BEGIN
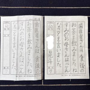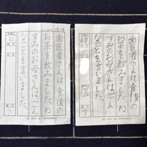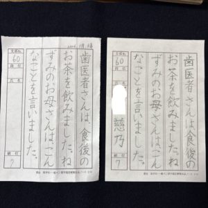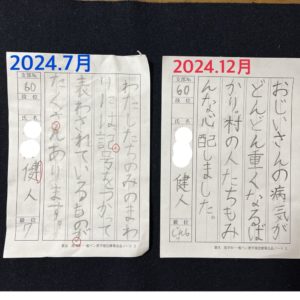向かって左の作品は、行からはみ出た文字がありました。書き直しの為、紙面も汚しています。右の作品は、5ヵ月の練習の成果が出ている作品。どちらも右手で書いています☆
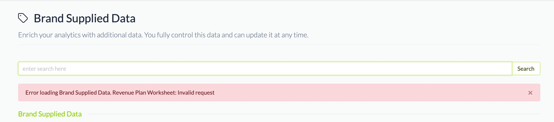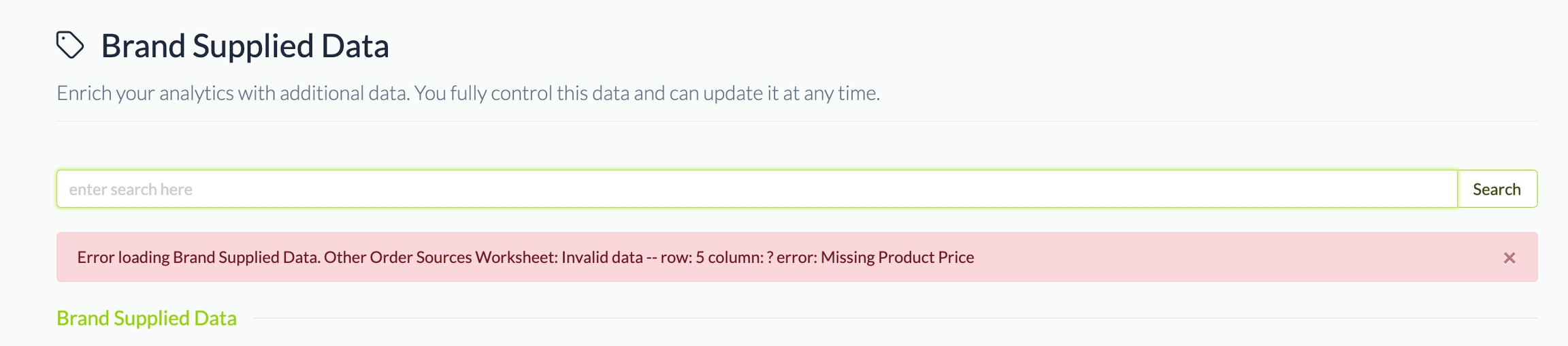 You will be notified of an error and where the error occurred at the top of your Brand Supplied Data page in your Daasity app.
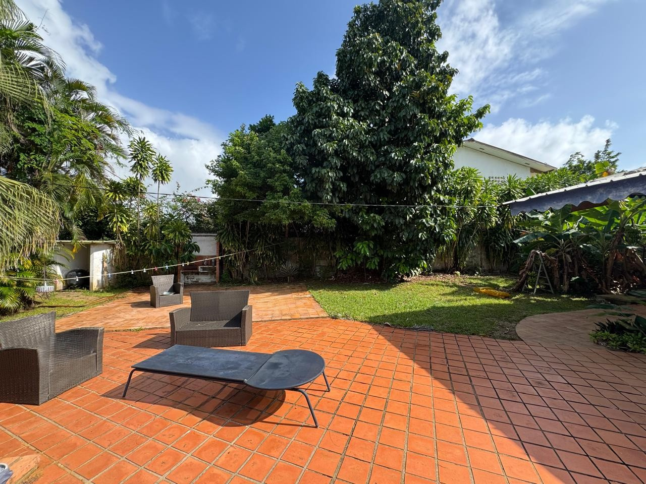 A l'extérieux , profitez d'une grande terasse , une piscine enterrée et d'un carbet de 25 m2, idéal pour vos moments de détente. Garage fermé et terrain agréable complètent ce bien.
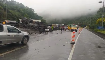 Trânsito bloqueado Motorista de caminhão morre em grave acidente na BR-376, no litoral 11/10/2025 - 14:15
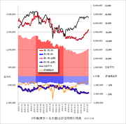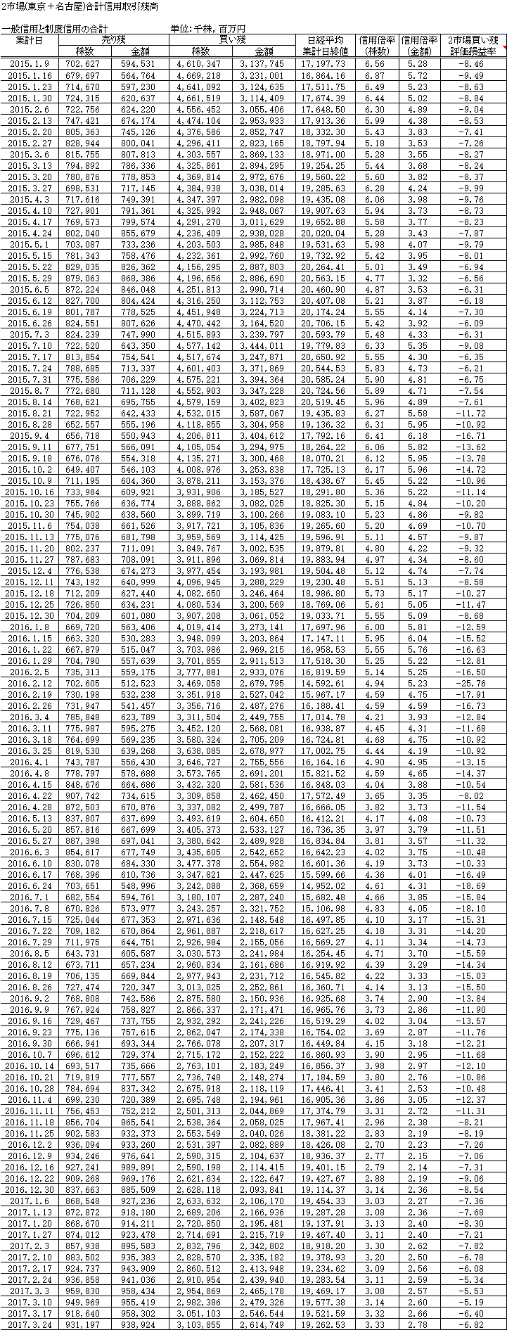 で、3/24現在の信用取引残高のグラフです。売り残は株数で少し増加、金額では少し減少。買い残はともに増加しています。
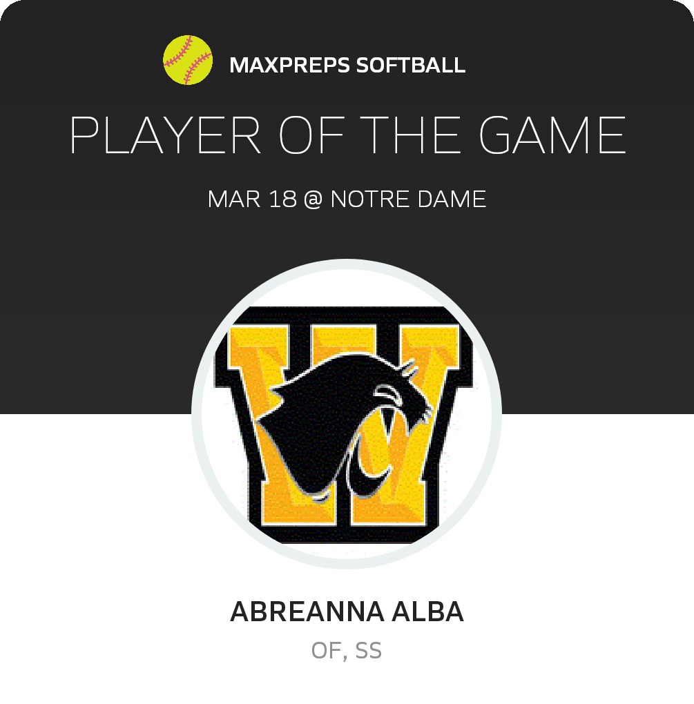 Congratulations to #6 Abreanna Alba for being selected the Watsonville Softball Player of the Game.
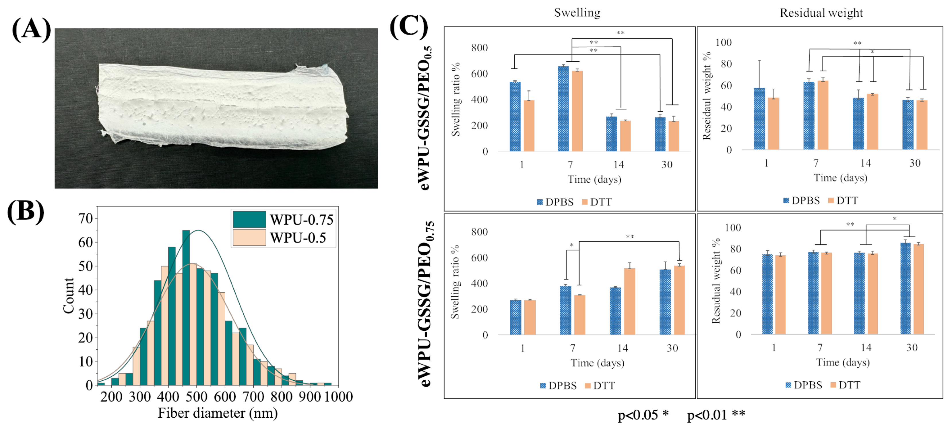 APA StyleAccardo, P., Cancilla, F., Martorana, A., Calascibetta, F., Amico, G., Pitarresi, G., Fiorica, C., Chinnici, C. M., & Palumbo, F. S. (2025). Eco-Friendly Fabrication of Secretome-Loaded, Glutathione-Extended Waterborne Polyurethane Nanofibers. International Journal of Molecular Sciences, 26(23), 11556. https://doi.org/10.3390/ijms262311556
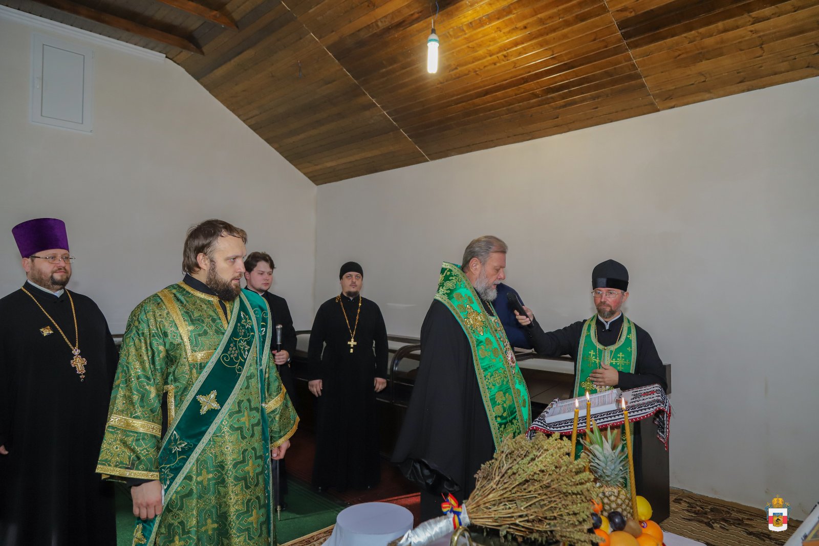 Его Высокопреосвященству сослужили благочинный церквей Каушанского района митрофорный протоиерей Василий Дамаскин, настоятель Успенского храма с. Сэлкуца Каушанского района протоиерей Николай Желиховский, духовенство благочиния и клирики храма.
END
ACTIVITY: The whole listing should be retyped word for word; none of its pictures belong in the copy.

SOLUTION:
向かって左の作品は、行からはみ出た文字がありました。書き直しの為、紙面も汚しています。右の作品は、5ヵ月の練習の成果が出ている作品。どちらも右手で書いています☆
 You will be notified of an error and where the error occurred at the top of your Brand Supplied Data page in your Daasity app.
 A l'extérieux , profitez d'une grande terasse , une piscine enterrée et d'un carbet de 25 m2, idéal pour vos moments de détente. Garage fermé et terrain agréable complètent ce bien.
 Trânsito bloqueado Motorista de caminhão morre em grave acidente na BR-376, no litoral 11/10/2025 - 14:15
 で、3/24現在の信用取引残高のグラフです。売り残は株数で少し増加、金額では少し減少。買い残はともに増加しています。
 Congratulations to #6 Abreanna Alba for being selected the Watsonville Softball Player of the Game.
 APA StyleAccardo, P., Cancilla, F., Martorana, A., Calascibetta, F., Amico, G., Pitarresi, G., Fiorica, C., Chinnici, C. M., & Palumbo, F. S. (2025). Eco-Friendly Fabrication of Secretome-Loaded, Glutathione-Extended Waterborne Polyurethane Nanofibers. International Journal of Molecular Sciences, 26(23), 11556. https://doi.org/10.3390/ijms262311556
 Его Высокопреосвященству сослужили благочинный церквей Каушанского района митрофорный протоиерей Василий Дамаскин, настоятель Успенского храма с. Сэлкуца Каушанского района протоиерей Николай Желиховский, духовенство благочиния и клирики храма.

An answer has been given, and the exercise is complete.